Niant toute considération religieuse dans cette décision politique, M. Fortin a parlé d'un «devoir de mémoire à l'égard de notre patrimoine religieux». «On n'a pas des châteaux comme en Europe, mais on a des églises et ça a un potentiel culturel important, un potentiel touristique aussi. Alors on se doit de faire notre part», a-t-il fait valoir.

En septembre, lors du colloque Vision patrimoine, la Ville de Québec avait promis d'investir 15 millions $ sur dix ans dans des églises identifiées comme «exceptionnelles» et prioritaires. Le ciblage a été réalisé de concert avec le diocèse de Québec.

Sur la soixantaine d'églises du territoire, huit ont été retenues au final: la basilique-cathédrale de Québec, les églises Saint-Jean-Baptiste, Saint-Roch, Saint-Sauveur, Sainte-Charles-Borromée (Charlesbourg), la Nativité (Beauport) et Saint-Charles-de-Limoilou ainsi que la cathédrale anglicane Holy Trinity.

Depuis septembre, le gouvernement du Québec a été invité à plusieurs reprises, sur un ton amical et non belliqueux, à fournir le même effort financier.

Québec, un exemple à suivre

Loin de s'en offusquer, M. Fortin a félicité l'administration Labeaume pour son engagement envers le patrimoine religieux et bonifié l'enveloppe de l'Entente de développement culturel en conséquence. Selon lui, ce partenariat pourrait faire école. «J'espère sincèrement que d'autres villes à travers le Québec vont suivre l'exemple de la Ville de Québec», a lancé le ministre.
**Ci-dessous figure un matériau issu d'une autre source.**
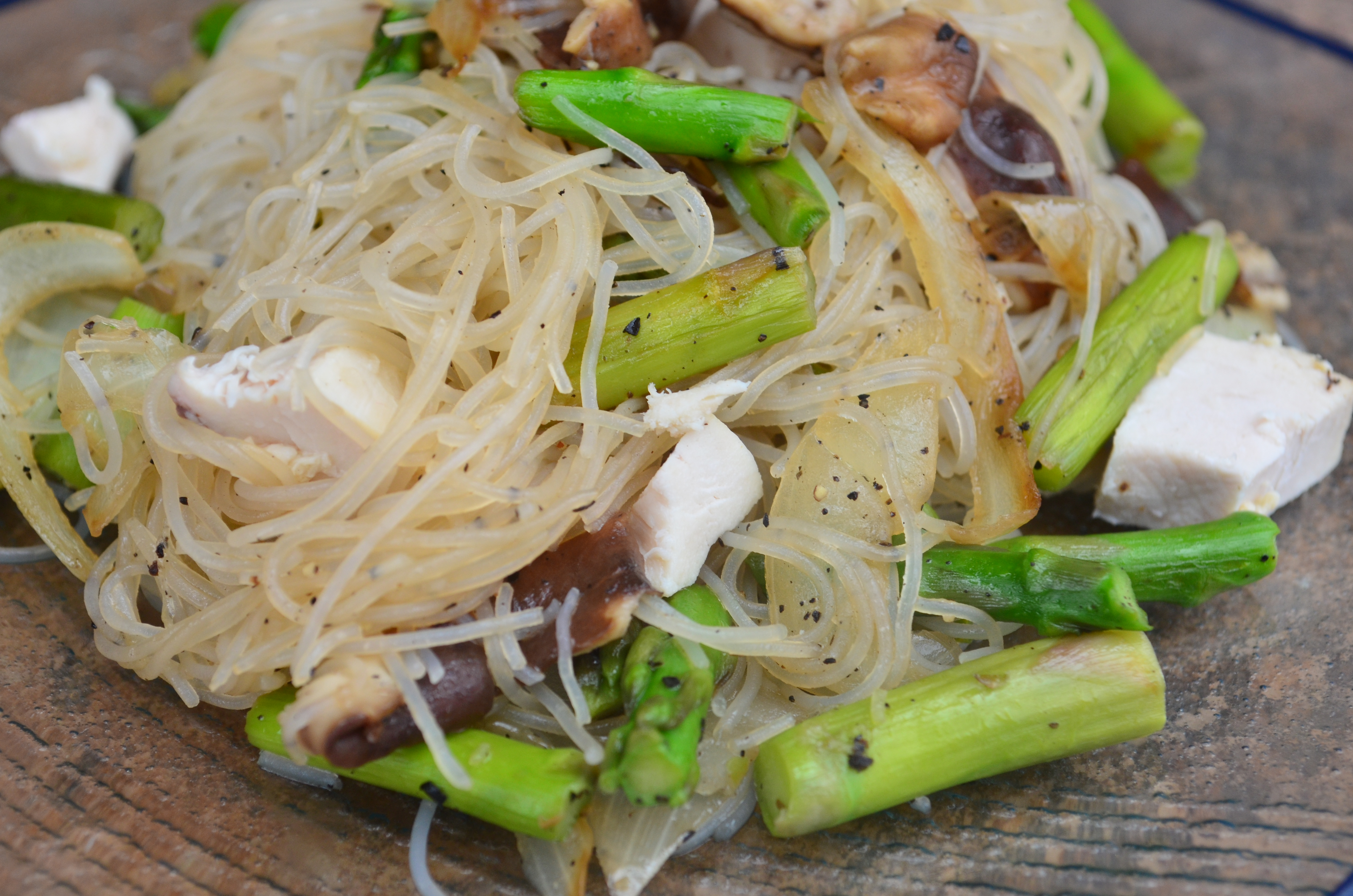 Rice Noodles with Asparagus, Chicken and Shiitake Mushrooms
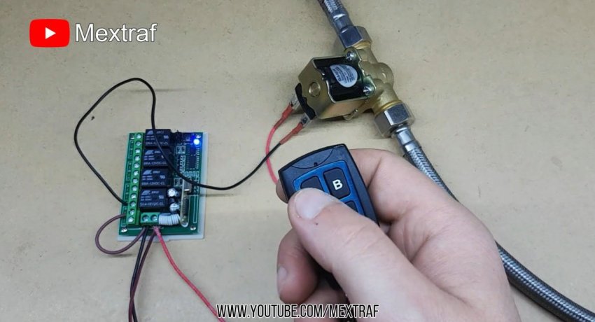 Радиомодуль фиксирует состояние и напряжение держится на клапане до тех пор, пока повторно не будет нажата кнопка пульта ДУ. Естественно, пока вода идет через клапан на нем присутствует напряжение 12 В.
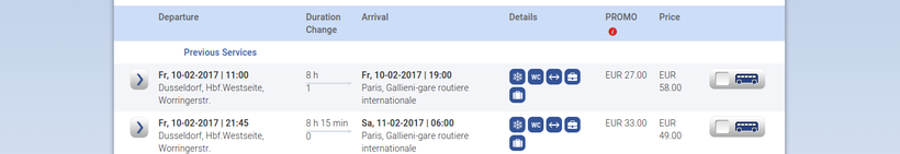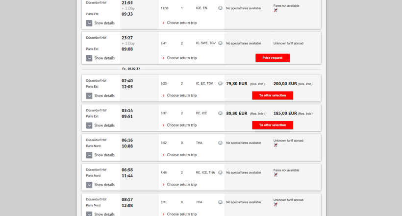 Железнодорожное сообщение между Дюссельдорфом и Парижем также имеется. Но есть характерная особенность, свойственная данному направлению (из Германии во Францию). Дело в том, что поезда немецкой железной дороги (вроде IC/ICE, о которых подробнее почитать можно вот тут) ходят здесь только с пересадками. Число пересадок может быть разным, но в среднем их две. Вот фрагмент ночного расписания, а также поезда идущие ранним утром:

Est-ce déjà le cas? «Jusqu'à présent, non, alors je pense que c'est important ce matin de dire que Québec c'est un exemple, qu'on invite les autres municipalités à s'en inspirer et on sera à l'écoute des demandes qui nous seront formulées le cas échéant», a répondu le ministre.

Julie Lemieux, vice-présidente du comité exécutif, a remercié le gouvernement pour cette aide récurrente. Les critères du nouveau programme d'aide sont déjà en élaboration et seront dévoilés dans les prochains mois, a-t-elle révélé. L'argent permettra d'entretenir et restaurer les six églises toujours fréquentées, mais aussi de favoriser la conversion de celles fermées au culte, soit Saint-Jean-Baptiste et Saint-Charles-de-Limoilou.

Pour la cinquantaine d'autres, il reviendra au diocèse de décider de leur sort. «Nous ce qu'on avait dit à la Ville, c'est qu'on ne veut pas s'éparpiller et commencer à financer des travaux dans toutes les églises du territoire. On cible celles qui ont vraiment une valeur patrimoniale très élevée, qui sont des bijoux patrimoniaux», a souligné Mme Lemieux.

L'évêque auxiliaire Marc Pelchat, du diocèse de Québec, a pour sa part qualifié le financement de «très très bonne nouvelle». «C'est un patrimoine qu'il faut préserver, qui nous tient à coeur, mais qui en même temps est lourd à porter», a-t-il admis. L'homme d'église espère que l'implication des gouvernements incite «des mécènes, des bienfaiteurs, des grandes entreprises» à donner aussi pour la préservation du patrimoine religieux, qu'il considère comme la base de la culture québécoise.

Le provincial a également annoncé mardi l'ajout d'un million $ par année pour la restauration du patrimoine bâti dans les quatre sites patrimoniaux déclarés du Vieux-Québec, Beauport, Charlesbourg et Sillery. La Ville de Québec fera de même. Cela facilitera l'accès aux subventions pour les citoyens qui, dans ces secteurs réglementés, souhaitent rénover leur résidence dans les règles de l'art.

Il y a actuellement une liste d'attente parce que «l'enveloppe était insuffisante», de l'avis même de la conseillère municipale responsable du patrimoine. «Avec 2 millions $ par année, ça va donner une chance. On va pouvoir débloquer la liste d'attente, donner une chance aux citoyens pour qu'ils puissent entretenir eux-mêmes leur patrimoine», fait remarquer Mme Lemieux, satisfaite.